Progressive addition of new analytic capability remains a clear feature, with new procedures added, though it takes a while to track them down, given the necessary reorganisation of menu hierarchy as the volume and complexity increase. Origin users who already make regular use the analysis and statistics menus will have to allow for a short period of adjustment to the new structures, but will find it worthwhile. This seems to be a one off reorganisation, since the new regime shows evidence of thought given to long term capacity.

The analysis menu now has three top level headings: mathematics, fitting, and signal processing. Mathematics contains four interpolation and/or extrapolation options (including one for 3D data), two for integration and differentiation, normalisation, and multiple curve averaging – with user controlled tuning of defaults and choice of methods where appropriate. Fitting covers a range of methods (linear, nonlinear, polynomial, peak, sigmoidal, curve simulated...) and comparison for both data sets and models. Signal Processing offers a range of options not always available elsewhere, five of them wavelet oriented. All are controlled from a consistent and friendly dialogue panel design which makes the learning curve pretty much painless.

That consistency and friendliness continues in a conveniently alphabetic “fitting functions organizer” under the Tools menu, subdivided as basic (from Allometric to Voigt), form  (Exponential and Growth through to Waveform and Surface) and field (Chromatography to Statistics), with a blank section after that ready to be populated by user defined additions. Selecting a particular function opens a main control dialogue panel (which continues the overall design template for the package) and, at the bottom, a reference slot containing the equation for the fit, samples of the curves to expect from it, and short but valuable documentation.

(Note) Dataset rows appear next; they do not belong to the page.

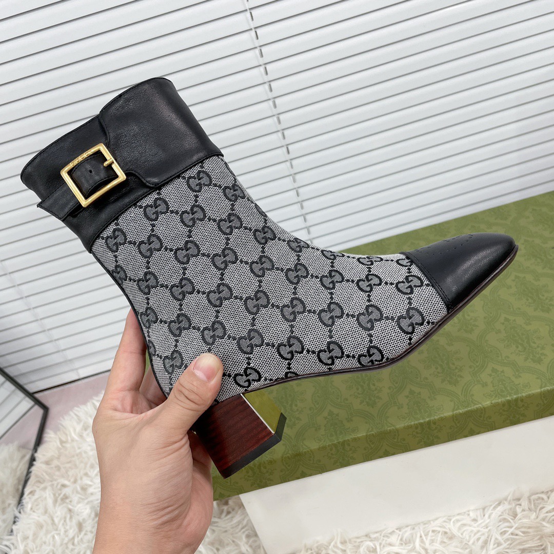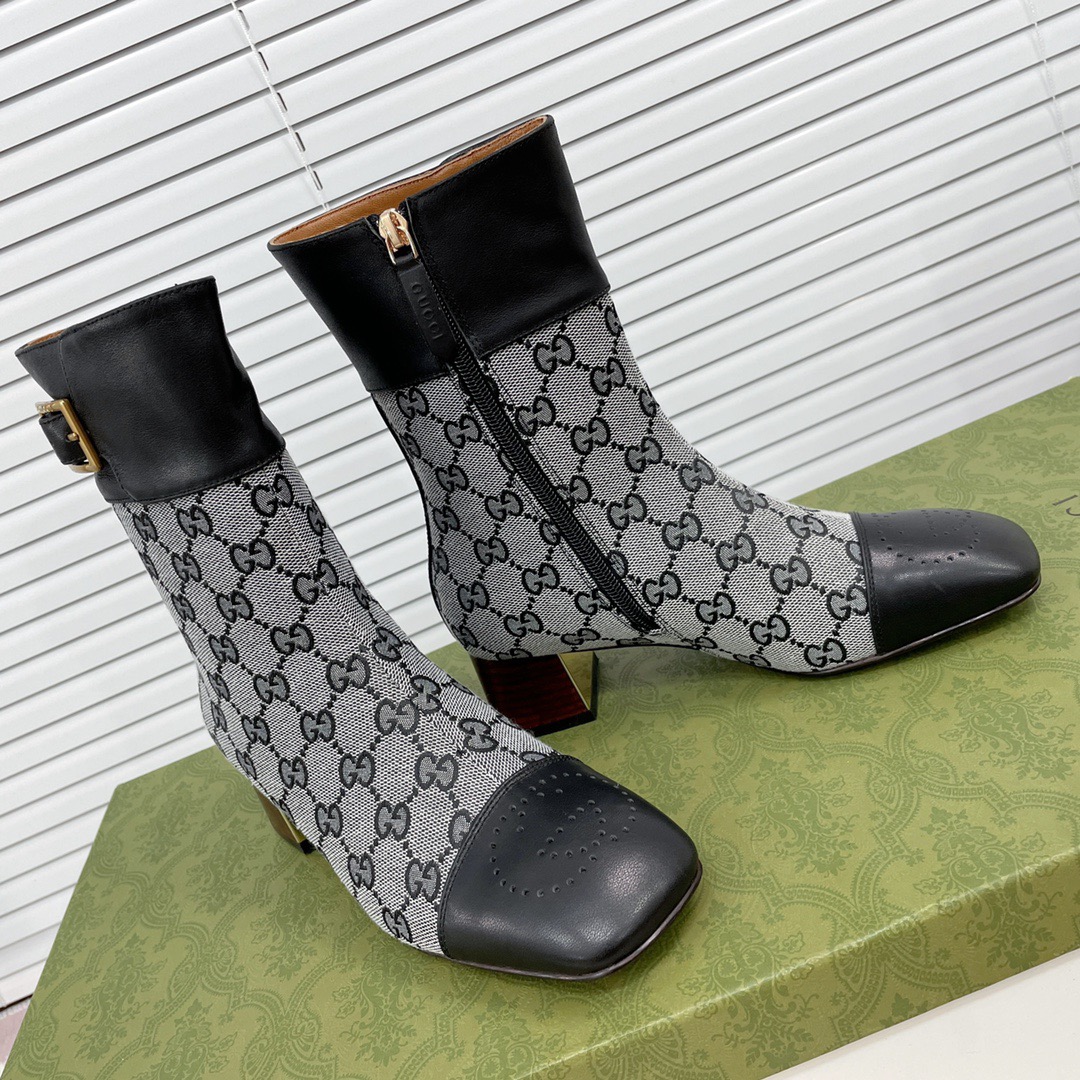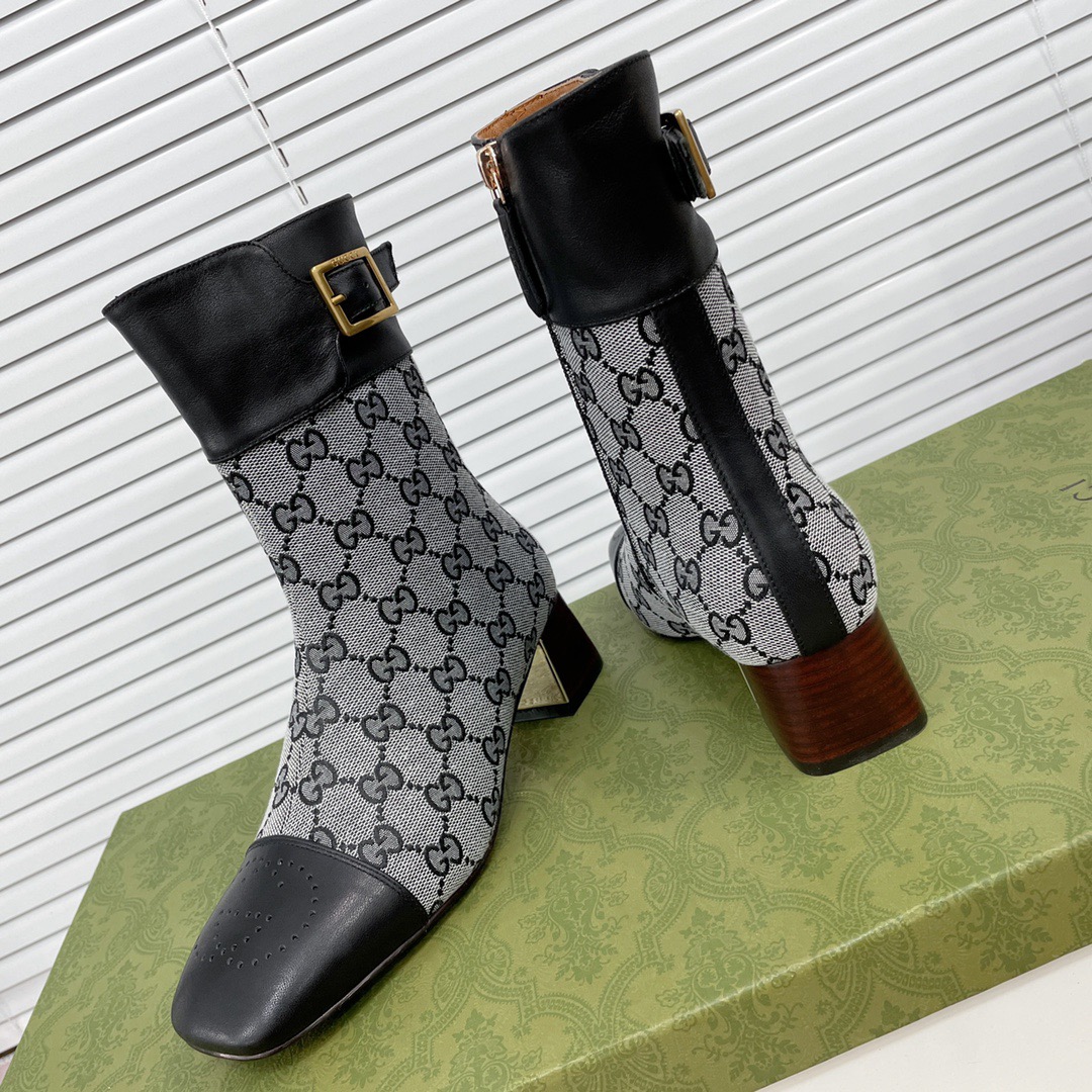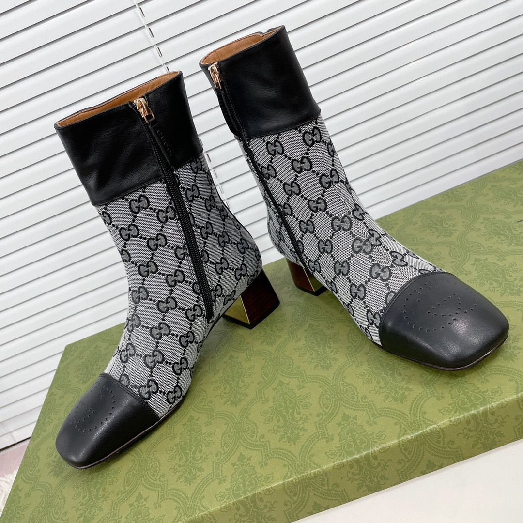 Gucc’s Latest Short Boots. Women’s Boots Simple and fashionable; stitching color; square toe; 5cm heel height. Material: Presbyopic stitched top layer cowhide. Inside: Sheepskin lining with feet. 5cm square heel. Leather outsole. Sizes: 35-40
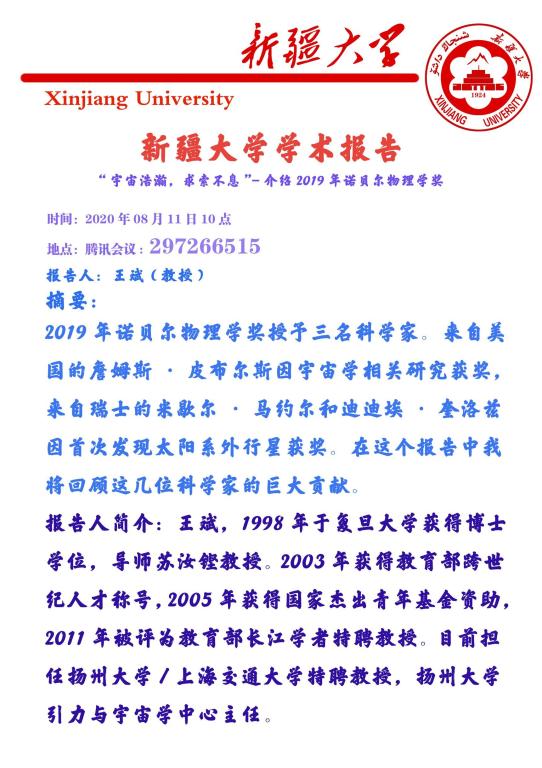 报告题目: “宇宙浩瀚,求索不息”-介绍2019年诺贝尔物理学奖
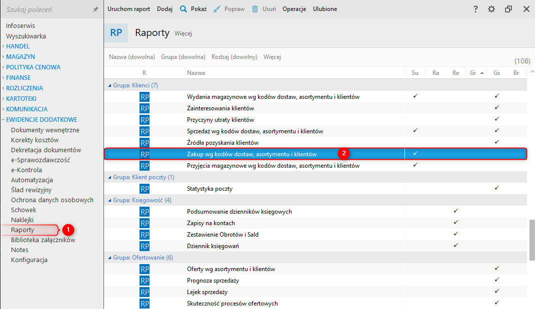 Subiekt nexo – Jak wyliczyć raport prezentujący zakup według kodów dostaw, asortymentu i klientów?
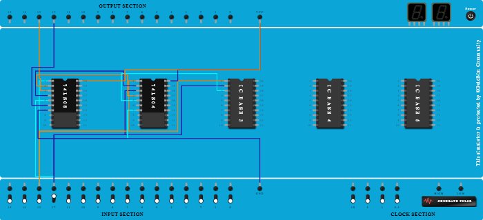 - Connect Pin-4 (Input) of ICBase-1 (74LS08) to Pin-2 (Output) of ICBase-2 (74LS04).
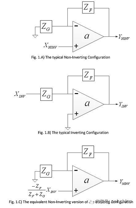 圖1A:典型的同相配置。圖1B:典型的反相配置。圖1C:反相配置的等效同相版本。為了方便理解兩種配置的前饋增益之間的區(qū)別,這里給出了分別對應(yīng)同相和反相配置的公式1.a和1.b。有人可能會問,為什么反相配置(AINV)的前饋增益不同于同相配置(ANINV),而事實上兩種配置使用的是相同的運放。
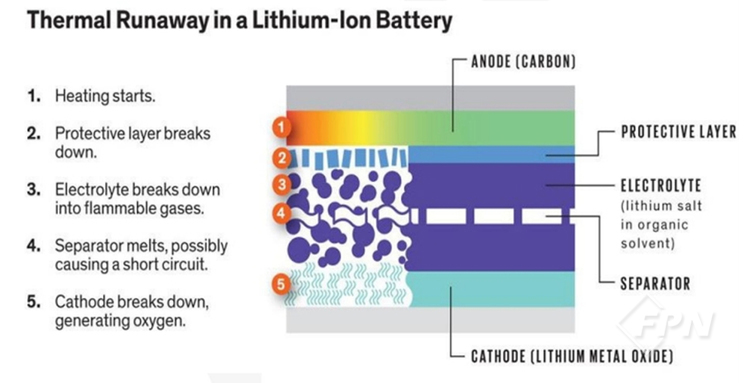 - 리튬이온배터리 품질(Quality): 리튬이온배터리가 과충전되면 그라파이트(Graphite) 입자에 ‘리튬금속석출(Lithium Metal Plating)’이 발생합니다. 리튬금속은 용매(solvent)와 열 반응해 폭발적이고 유독한 기체(explosive and toxic gases)를 생성합니다.
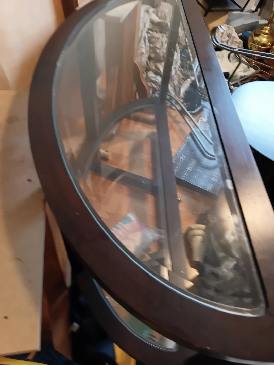 Selling a half-moon shaped table with a glass top! It has a dark brown wooden frame and would look great as an accent piece in a living room or entryway
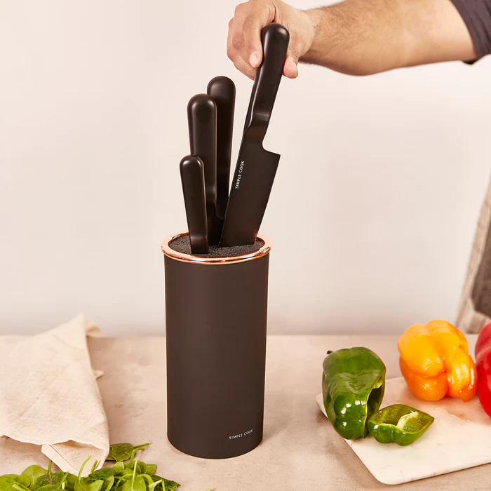 Además de su estilo y funcionalidad, el Set de Cuchillos 5pz Lincoln SIMPLECOOK es completamente seguro. Los cuchillos vienen con fundas protectoras que previenen accidentes y permiten un almacenamiento sin preocupaciones en tu cocina. Dale un toque de frescura y responsabilidad ecológica a tus preparaciones culinarias con este set excepcional.
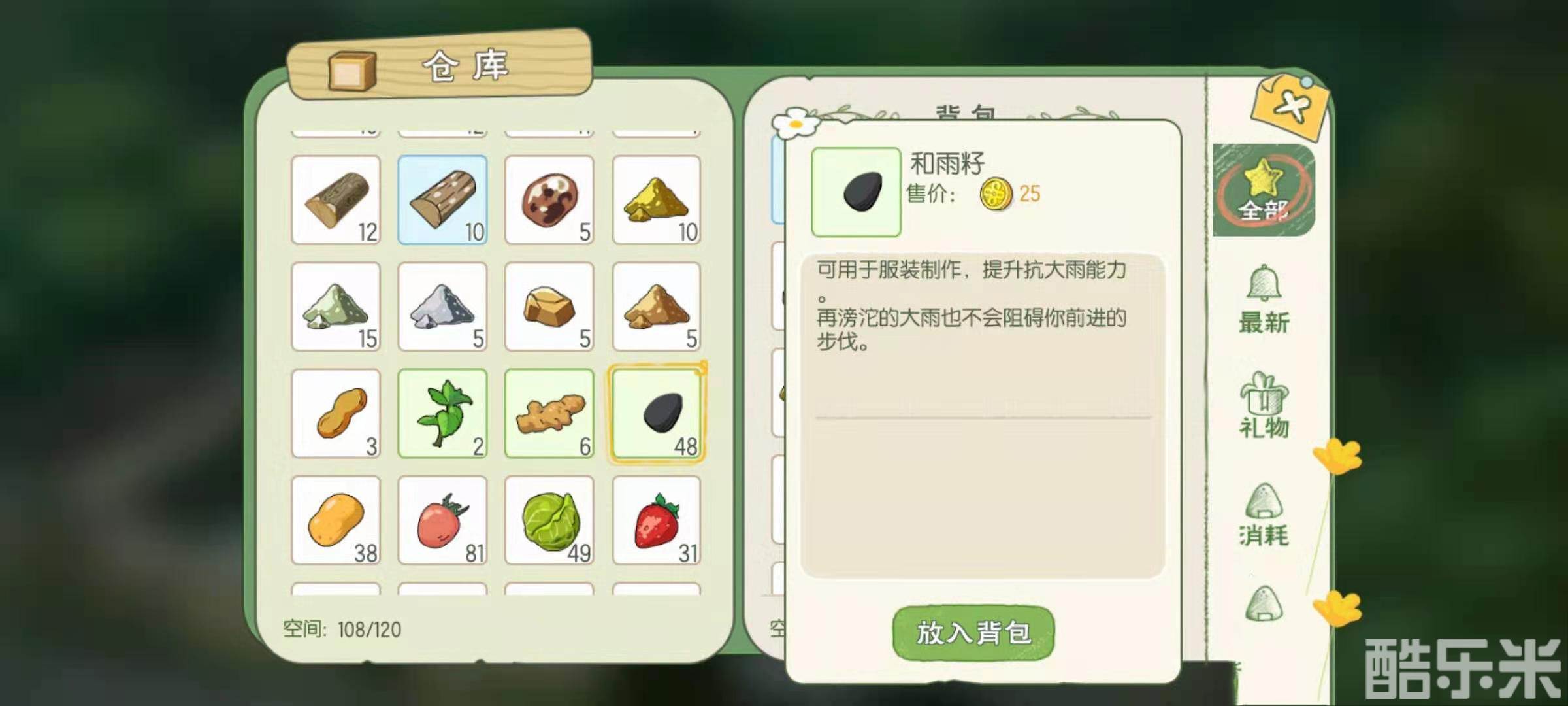 穿着雨衣可以增加抗雨属性,也就是在下雨天出门可以减少体力流失,想要制作一件漂亮的雨衣需要2个兔绒卷、3个和雨籽、1个砂白树脂。

Also under the Tools menu are the new X-functions – OriginPro’s name for extensor routines in Origin dialect C. These provide a flexible ongoing development and extension platform analogous to that available natively in high end language based data analysis products, and are already the basis for some tools in use. Help for this area was not yet in place for my beta copy, but even as a “C challenged” user I was able to establish by exploration that most areas are accessible to X-function control, from basic computation through new procedure definition to interface control and modification.

Interface features go well beyond what I’ve covered here, and contribute significantly to a OriginPro’s undoubted fitness for the new world into which it’s headed. Redesigned toolbars are a minor part of this for me, but several colleagues looking at my beta copy rated them highly. Higher up my list are database access, autoupdate and, most of all, a new workbook structure offering multiple sheets.

All in all, while the developmental roots can be seen in version 7 (or earlier in some cases), release 8 is a very significant leap beyond OriginLab’s previous target market. The leap is a solidly founded one, soundly implemented and well thought through.